No one knows the timing, but anyone who thinks critically and can form logic knows the big bang is coming!

The Clock Is Ticking: The Financial Crisis Is Now Potentially 30 Days Away
September 25, 2021

By Stan Szymanski

On Thursday the worlds’ most in hock (indebted) developer, Evergrande, let its’ interest payment on its dollar denominated bond due March 2022 come and go without the interest payment being made to bond holders. Technically, they are not in default until 30 days past the due date of the payment date of the bond. On the heels of that event, Evergrande has another interest payment due on another dollar denominated bond this coming Wednesday.

Just this past Wednesday CBS News ran a story stating that Evergrande -would- make its interest payment that are due this week. That payment was not made as promised. Companies that know they are circling the drain put out information to keep comforting investors that are worried. They also put out this information to try to keep these same investors from becoming sellers of the wretched security of the potentially bankrupt institution and pushing the price of the security into the dirt.

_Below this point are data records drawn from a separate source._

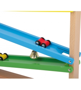 Pretekanie na 4 úrovniach, 4 autá (cca 3 x 3 x 1,5 cm) nechajú zvončeky veselo zazvoniť! Rám je vyrobený z jemného hotového bukového dreva a "nohy" zabezpečujú stabilný stojan.
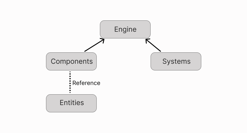 The engine is the part of the scene that sits in the middle and manages all of the other parts. It determines what entities are rendered and how players interact with them. It also coordinates what functions from systems are executed and when.
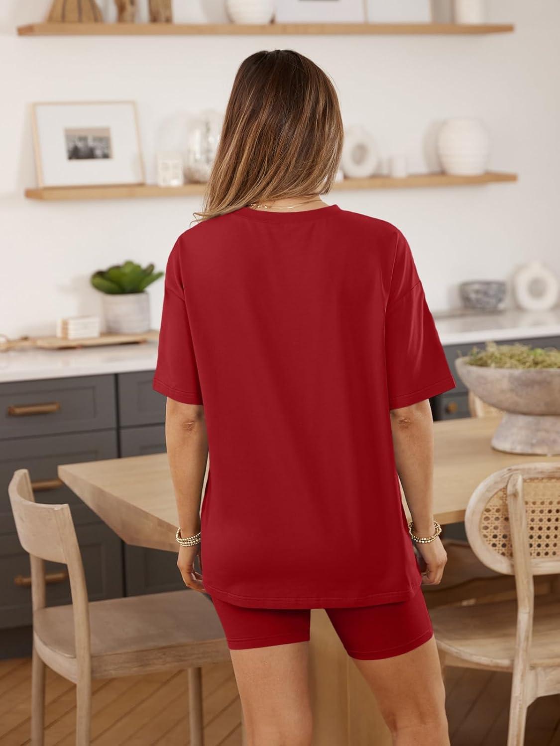 AUTOMET Womens 2 Piece Sets Summer Outfits 2025 Two Piece Lounge Set Matching Clothing Oversized Tshirts Biker Short Fashion(Red)

Although that horse has already left the barn and Evergrande stock and bond prices have already been pummeled, in a CNBC article by Weizhen Tan dated 9/23/21 states that ‘Market sentiment was somewhat soothed when Evergrande assured investors on Wednesday that it would fulfil its interest payment on a mainland-traded, yuan-denominated bond also due Thursday.’ So the company is saying that they -would- pay their yuan denominated interest obligations while letting the dollar denominated bond interest payments ride (for now) through the 30 day grace period.